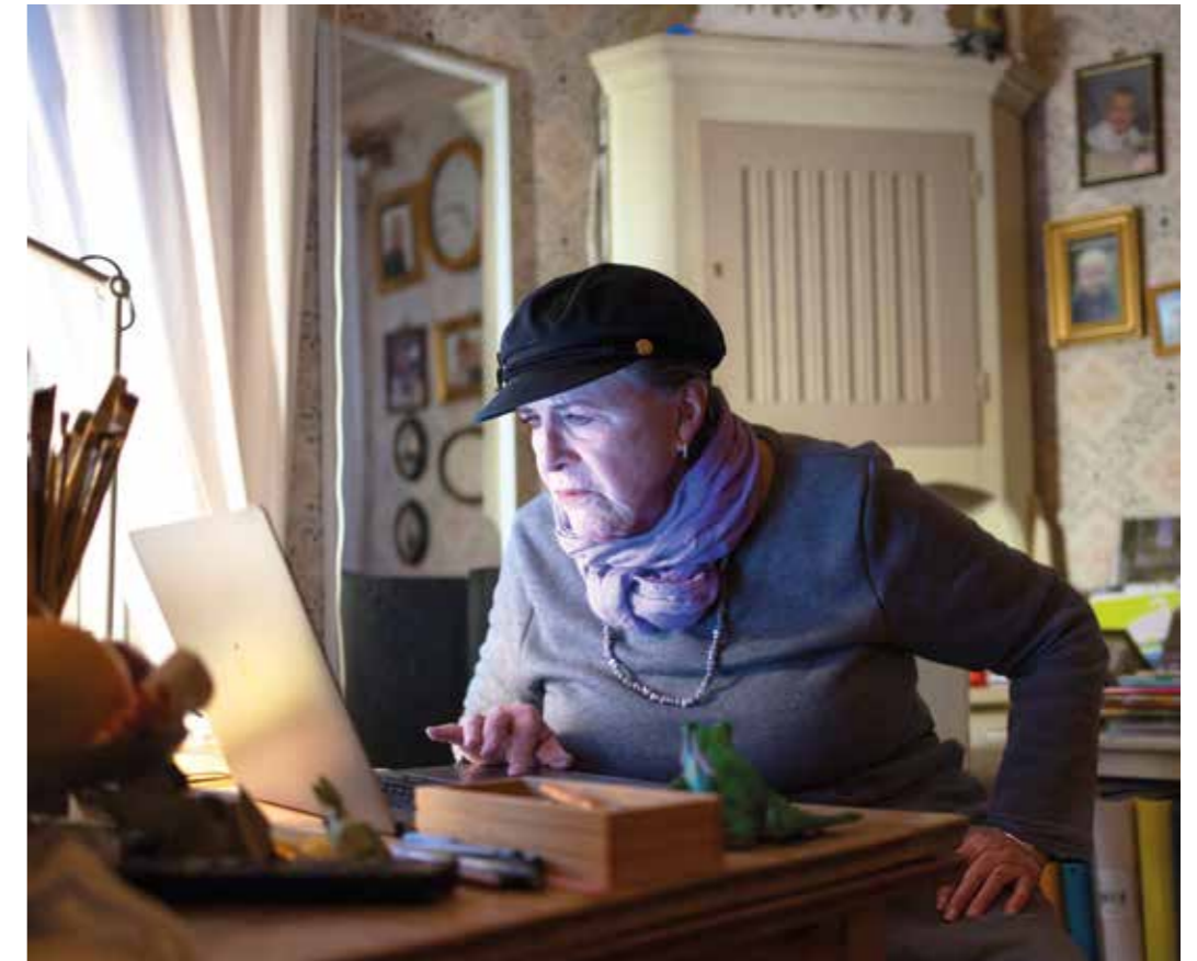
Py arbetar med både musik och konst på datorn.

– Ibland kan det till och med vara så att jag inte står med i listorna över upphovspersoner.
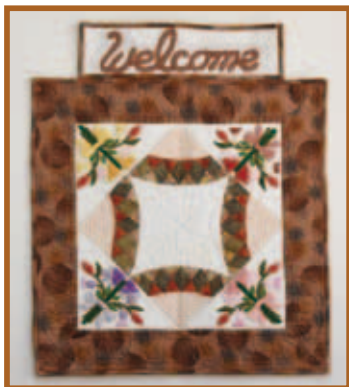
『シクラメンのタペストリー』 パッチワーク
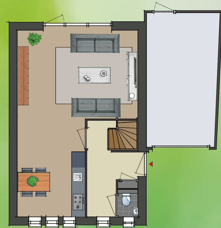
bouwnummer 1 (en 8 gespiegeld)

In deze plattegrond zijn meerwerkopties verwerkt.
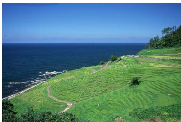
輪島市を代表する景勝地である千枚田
==
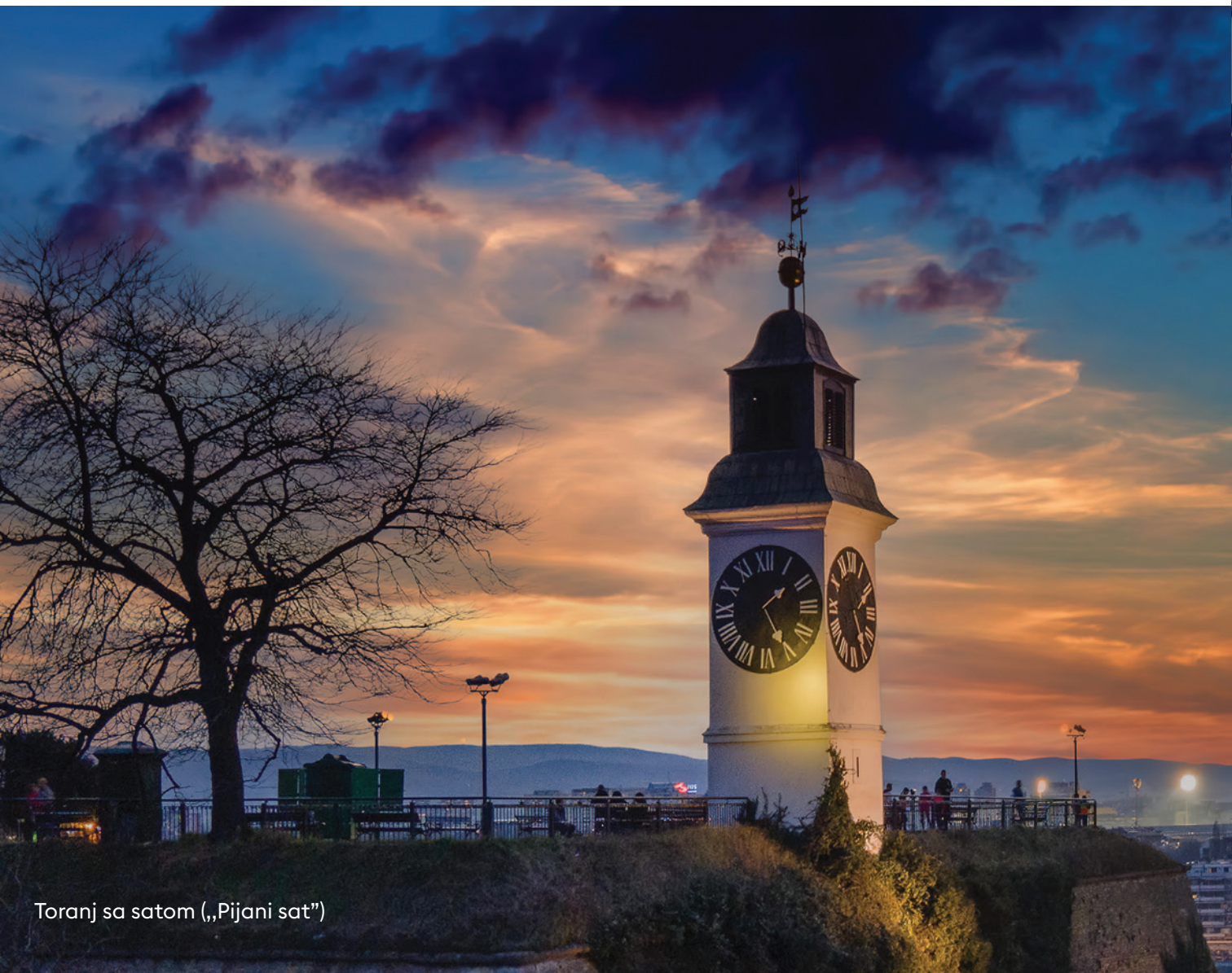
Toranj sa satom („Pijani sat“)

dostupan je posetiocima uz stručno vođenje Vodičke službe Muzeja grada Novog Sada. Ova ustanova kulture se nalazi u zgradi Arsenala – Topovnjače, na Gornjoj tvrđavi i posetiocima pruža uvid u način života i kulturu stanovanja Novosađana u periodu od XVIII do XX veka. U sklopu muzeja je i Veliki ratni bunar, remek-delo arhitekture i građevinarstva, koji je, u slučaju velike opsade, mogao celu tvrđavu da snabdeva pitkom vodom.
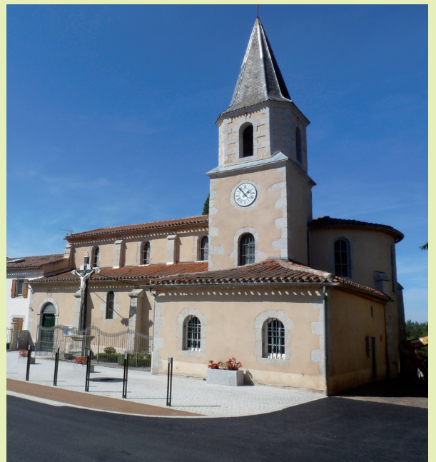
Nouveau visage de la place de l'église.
--
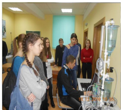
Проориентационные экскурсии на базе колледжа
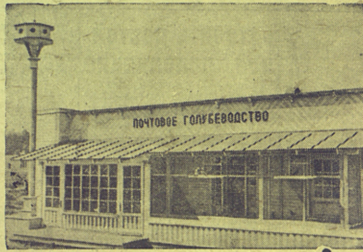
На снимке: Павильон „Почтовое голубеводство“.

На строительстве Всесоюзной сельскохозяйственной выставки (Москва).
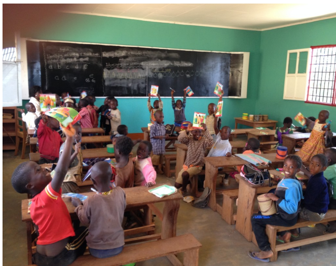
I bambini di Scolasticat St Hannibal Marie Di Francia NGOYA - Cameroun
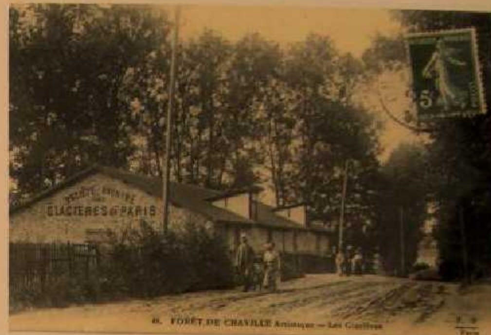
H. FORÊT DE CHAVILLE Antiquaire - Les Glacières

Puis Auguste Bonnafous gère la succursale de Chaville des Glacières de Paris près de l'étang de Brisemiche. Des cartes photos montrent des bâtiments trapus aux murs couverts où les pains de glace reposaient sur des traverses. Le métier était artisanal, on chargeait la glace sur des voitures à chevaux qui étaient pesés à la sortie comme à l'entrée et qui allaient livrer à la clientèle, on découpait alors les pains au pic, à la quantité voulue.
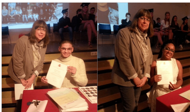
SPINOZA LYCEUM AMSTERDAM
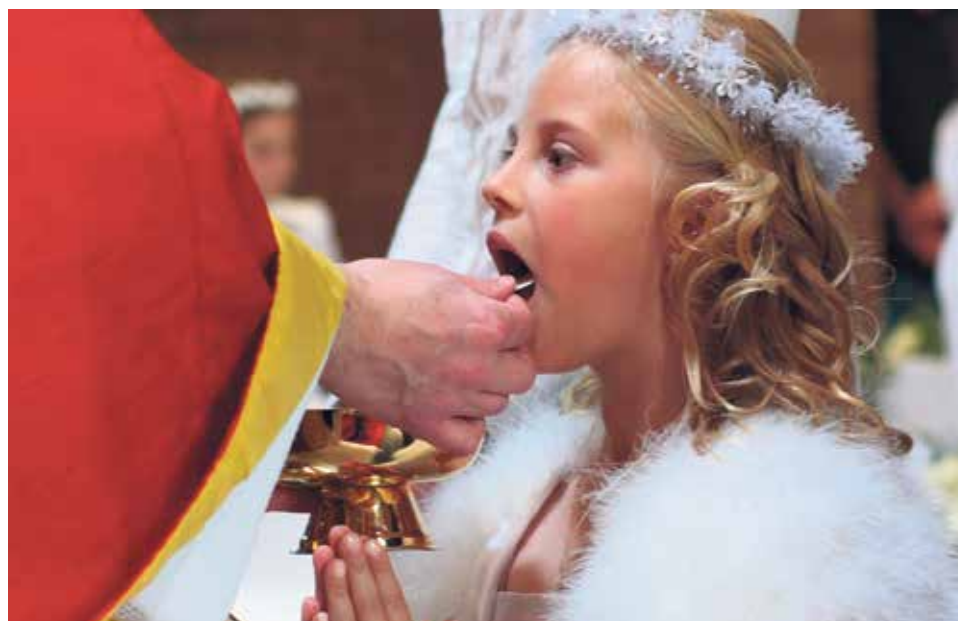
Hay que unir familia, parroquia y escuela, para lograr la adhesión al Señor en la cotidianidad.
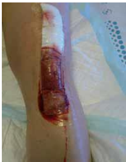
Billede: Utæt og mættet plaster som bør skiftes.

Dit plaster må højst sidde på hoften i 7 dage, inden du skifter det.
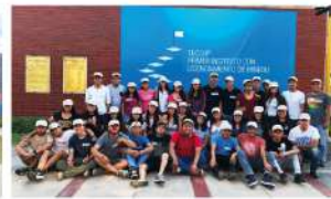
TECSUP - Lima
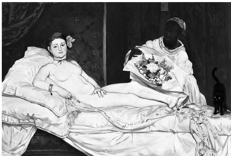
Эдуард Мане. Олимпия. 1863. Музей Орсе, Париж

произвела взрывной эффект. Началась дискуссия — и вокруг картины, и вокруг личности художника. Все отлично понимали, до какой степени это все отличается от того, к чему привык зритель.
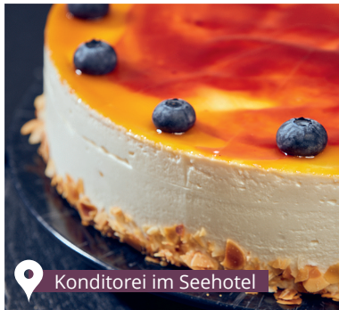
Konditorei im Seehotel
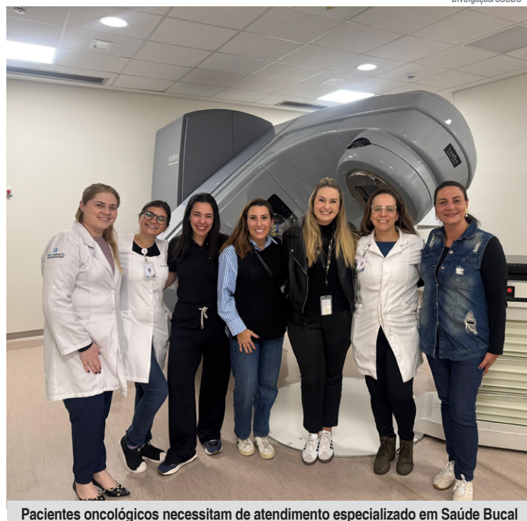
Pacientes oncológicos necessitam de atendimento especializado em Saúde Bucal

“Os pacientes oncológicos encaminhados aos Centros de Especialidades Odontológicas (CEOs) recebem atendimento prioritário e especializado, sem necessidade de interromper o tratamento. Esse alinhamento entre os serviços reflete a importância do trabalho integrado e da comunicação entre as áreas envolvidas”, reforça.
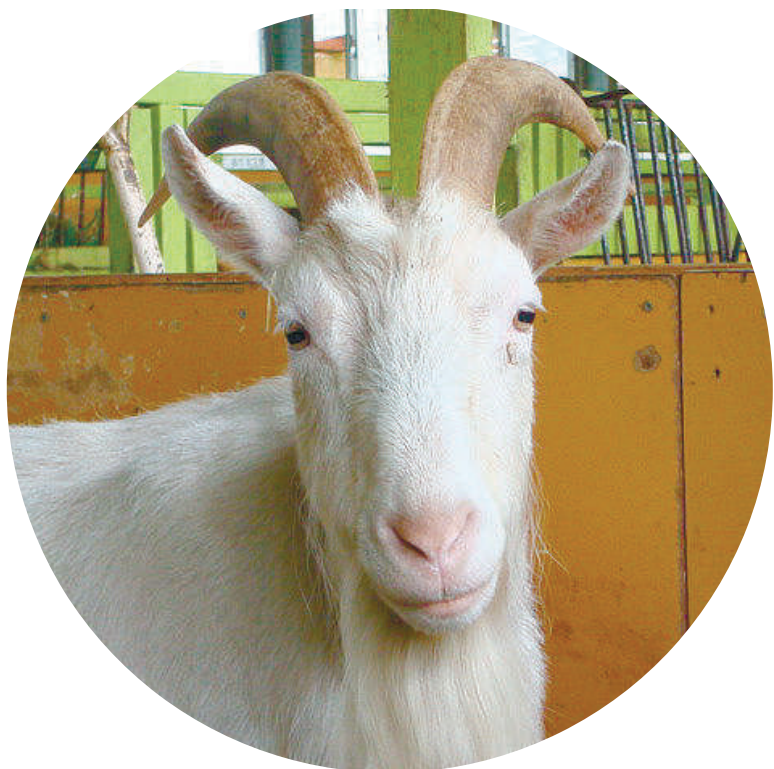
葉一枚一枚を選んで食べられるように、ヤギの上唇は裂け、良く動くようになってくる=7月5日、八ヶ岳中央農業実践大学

WHAT YOU ARE ASKED TO DO
Look through the material above. Transcribe exactly the lines between the ones with "Py arbetar med" and "輪島市を代表する景勝地である千枚田", inclusive, and keep pictures out.

ANSWER TO THIS EXERCISE
Py arbetar med både musik och konst på datorn.

– Ibland kan det till och med vara så att jag inte står med i listorna över upphovspersoner.
『シクラメンのタペストリー』 パッチワーク
bouwnummer 1 (en 8 gespiegeld)

In deze plattegrond zijn meerwerkopties verwerkt.
輪島市を代表する景勝地である千枚田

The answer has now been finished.